Self-love has not changed the world.

Self-love alone has not liberated us from systematic exclusion and oppression.

To be completely transparent, thirty plus years of inner work, several advanced degrees including a doctorate, self-love cannot combat the systemic devaluation of my dignity.

Self-love was never meant to stand alone.

Though fundamental for resilience and self-advocacy, self-love is the first milestone, not the last one.

Self-love is an incomplete ethic that needs unpacking.

Self-love fluently spots personal wounds, but not always communal and systemic ones.

Solitary inner work cannot single-handedly dismantle systems reliant on fracture between groups.

Focusing inward makes sense amidst fractures between partners. Personal excavation builds capacity for vulnerability — understanding of needs, attachment injuries, and communication styles underneath conflicts.

Simply focusing on “self” runs the risk of minimizing the influences of forces beyond the individual, for example, how systems shape stories and struggles. Internal work uplifts, but changing institutions necessitates examining their shadows closely first.

I think one of the dangers of the just “self-love” campaign is how it has been marketed to capitalize on marginalized oppression. Self-love reduced to mantras on merchandise sustains capitalism — not justice.

When “self-love” morphs into individual acts like buying bath soaps, the logic shifts from compassionate community care to curated consumer comforts as channels toward confidence and freedom. This hijacking neutralizes collective potency into complacent self-congratulation requiring no transformation beyond feel-good Instagram infographics.

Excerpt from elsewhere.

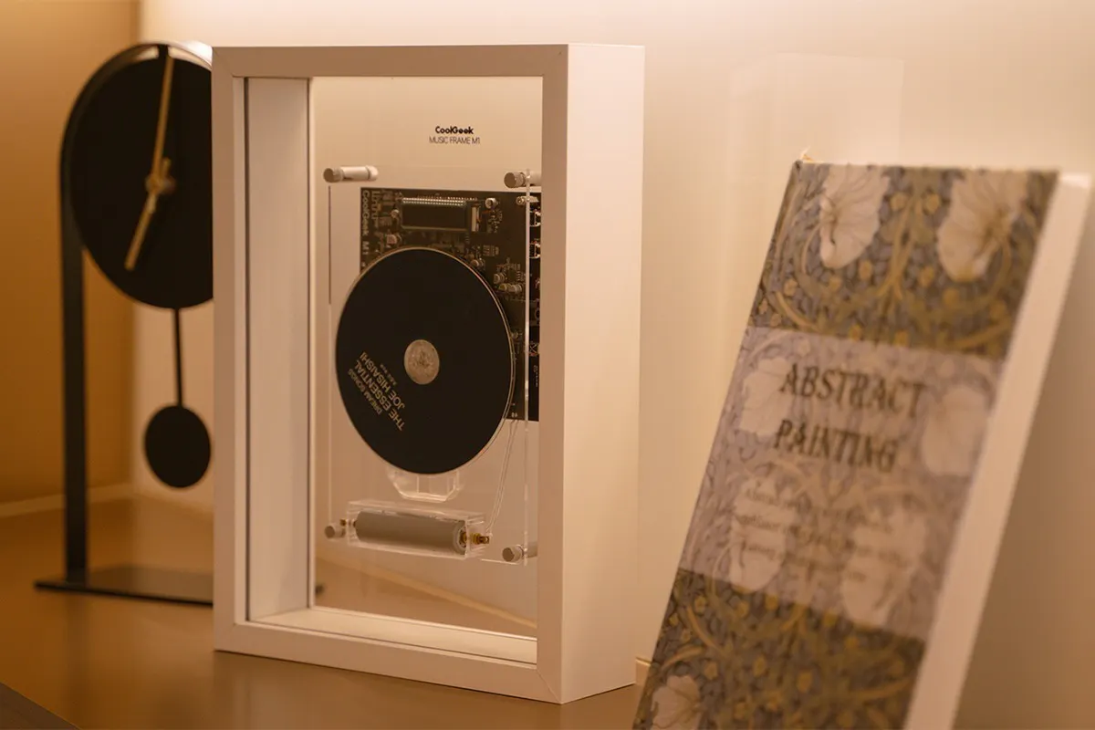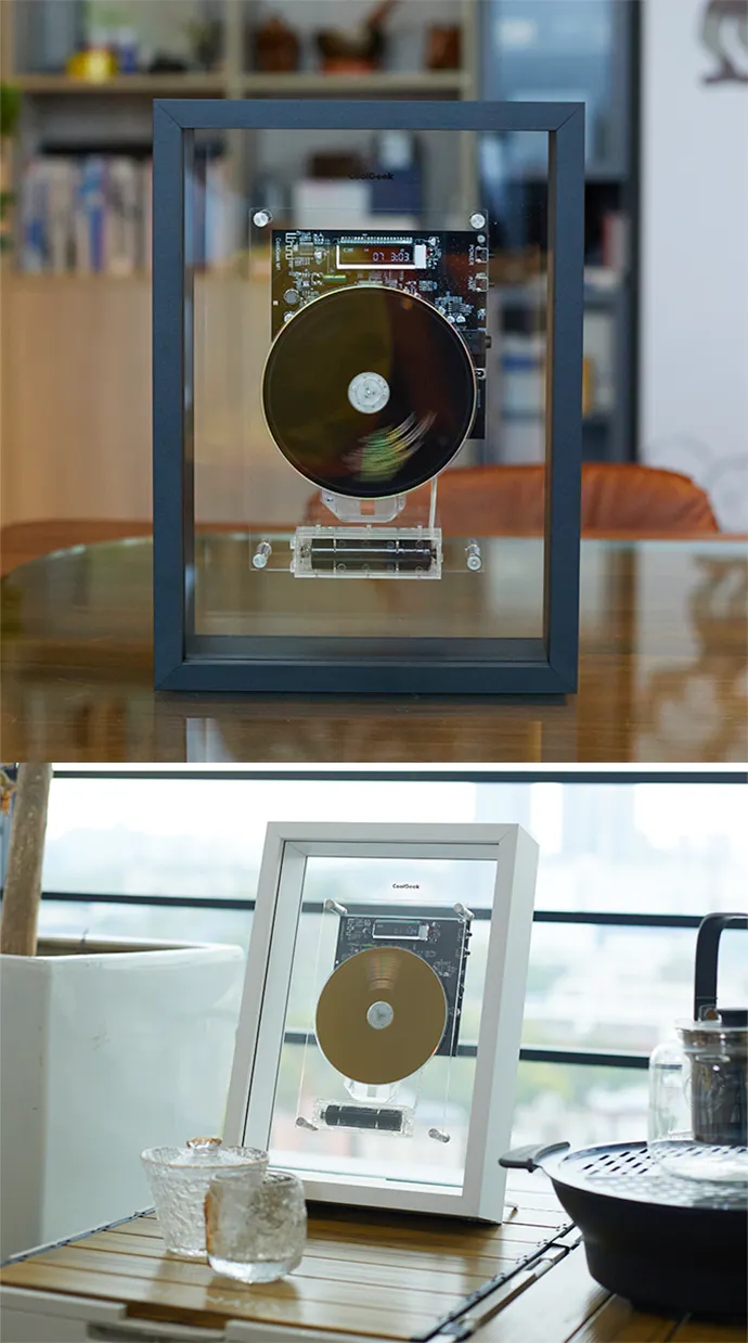 ポータブルCDプレーヤー「CoolGeek M1」は、アートフレームの芸術性とCDプレーヤーの機能を組み合わせることで革新的なデザインを生み出しています。フレームを容器として、音楽と家庭の美学を調和させ、CDプレーヤーであるだけでなく、日常生活の雰囲気を豊かにし、芸術的な装飾品でもあります。

Commodification of intrinsic human goods like air, water, social connection squeeze what cannot pour cash into shareholder reservoirs through the sieve of twisted priorities.

Institutions, relationships and inner dimensions of being all subsume to feeding bellies of a beast recognizing no sacredness or soul outside fueling its twisted aims.

Even the dissent itself converted into empty slogans on coffee mugs peddling brand activism barely masking indifference to injustice underneath profit packaging.

Marginalized and oppressed folks under commodification join devastated planets, factory farmed beings, blazing woods, dying rivers and vibrant heritages on the trash heap of that considered insignificant for sustaining power’s bottom line. As long as a model centering on consumption and accumulation reigns, it will continue devouring whole categories of creatures in its insatiable hunger for more. Only reclaiming what must never be possessed can rebirth an endangered world.

When confronted with structural and institutional harms enacted against marginalized communities, oppressive statements such as “love yourself more” redirect responsibility onto oppressed individuals with a message that self-esteem alone is the solution, rather than examining forces that create oppression. It goes without saying that this convoluted, simplistic logic covertly perpetuates harm. First, because it implants a false dichotomy between dignity and opposition. It’s as though marginalized folks first must fix ourselves before qualifying to challenge systematic mistreatment, ignoring that most of us carry both resilient worthiness as well as legitimate outrage at injustice.

Secondly, it implies victims of structural oppression are responsible for acquiring thicker skin rather than systems creating greater conscience and equity. This illogical reaction blames those denied power for not being invulnerable to unchecked power.

For marginalized folks, genuine “self-love” manifests by speaking frankly about our experiences of injustice, not internalizing society’s shame. This kind of vulnerability is a sign of trusting one’s own personal power, agency and legitimacy enough to invite responsive change. Even so, simply loving oneself more deeply fails to transform systemic harm.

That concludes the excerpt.